MIDAS Heritage is freely available to anyone interested in recording historic environment information. It is used by national government organisations, local authorities, heritage sector organisations, amenity groups and societies, the research community and professional contractors.

==History==
The first edition of the standard, MIDAS – A Manual and Data Standard for Monument Inventories, was published by the Royal Commission on the Historical Monuments of England (RCHME) in 1998. The organisation merged with English Heritage in 1999 and the updated version, MIDAS Heritage, was published in 2007 in collaboration with other UK heritage organisations. The standard was developed by the Forum on Information Standards in Heritage (FISH), a discussion forum aimed at helping to resolve standards and recording issues for the whole of the heritage sector. A revised version, with more explicit compliance statements, was released in 2012. Following the separation between English Heritage (managing guardianship sites) and Historic England as the strategic historic environment body for England in 2015, responsibility for MIDAS transferred to Historic England.

==Coverage==
MIDAS Heritage is a set of closely integrated data standards, rather than one single standard. It is designed to be used in conjunction with separate standards covering specific types of applications or projects, which will give the necessary data elements. Examples include SPECTRUM (artefacts), UK Gemini Discovery Metadata Standard (GIS), CIDOC Conceptual Reference Model (concepts and relationships), and Informing the Future of the Past: Guidelines for Historic Environment Records. MIDAS Heritage complies with the UK e-Government Metadata Standard (e-GMS), which is based on Dublin Core.

There are six main themes, each containing several Information Groups, which in turn contain a number of Information Units.

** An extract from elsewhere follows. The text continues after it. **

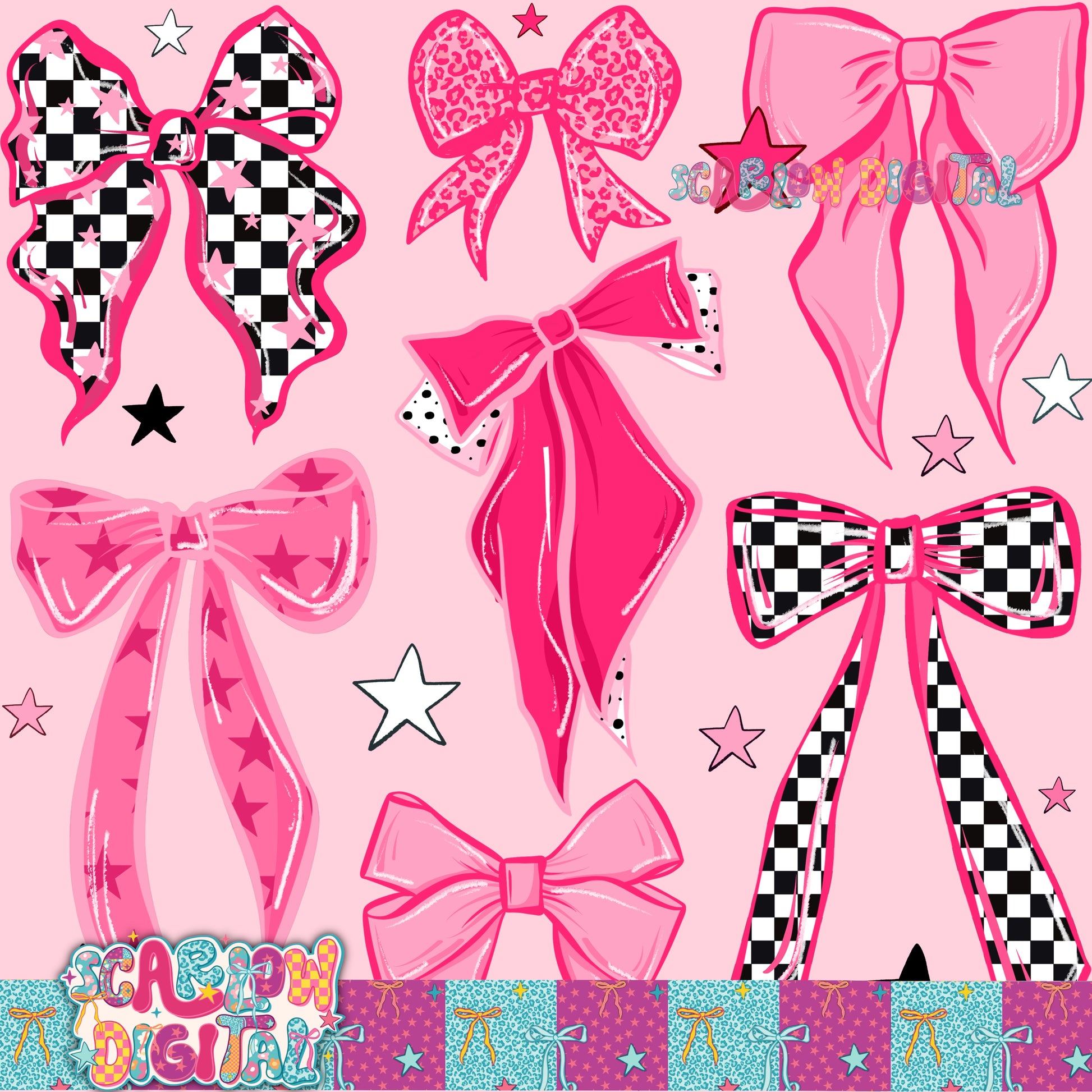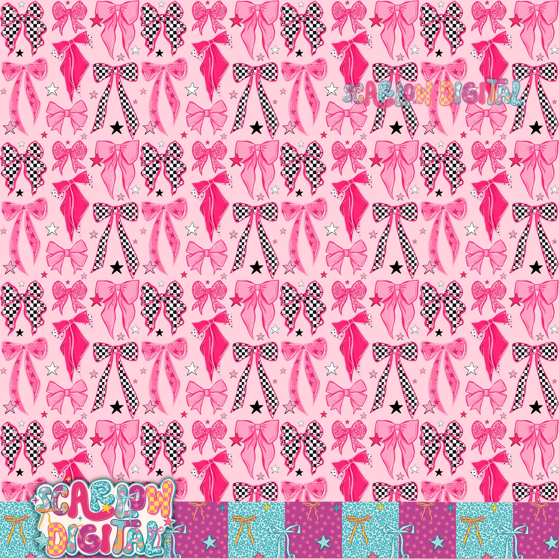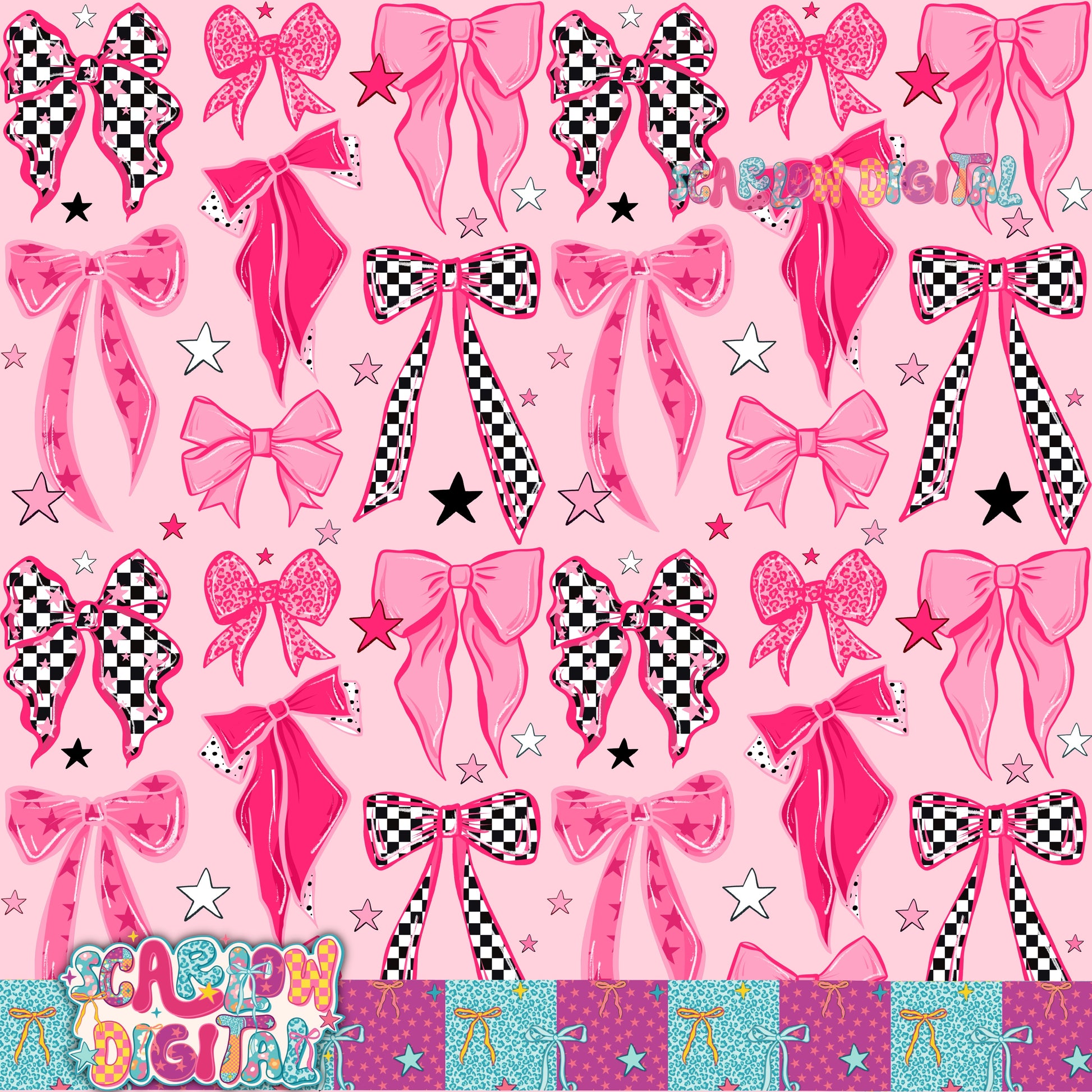 Pink and Checkered Bows Seamless Pattern Digital Design

| Heritage Asset Theme | Activities Theme | Information Sources Theme | Spatial Information Theme | Temporal Information Theme | Actor Information Theme |
| Area | Investigative Activity | Archive and Bibliography | Location | Date and Period | Actor and Role |
| Monument | Designation and Protection | Narrative and Synthesis | Map Depiction | . | . |
| Artefact and Ecofact | Heritage Asset Management Activity | Management Activity Documentation | . | . | . |
| . | Casework and Consultation | . | . | . | . |
| . | Research and Analysis | . | . | . | . |
| . | Historical Event | . | . | . | . |

The standard aims only to provide a common information framework and does not cover: what software or file format to use; what to call fields and tables in a database and how they are designed; what indexing terms to use; how to record archives and museum collections, or how to redesign an existing information system.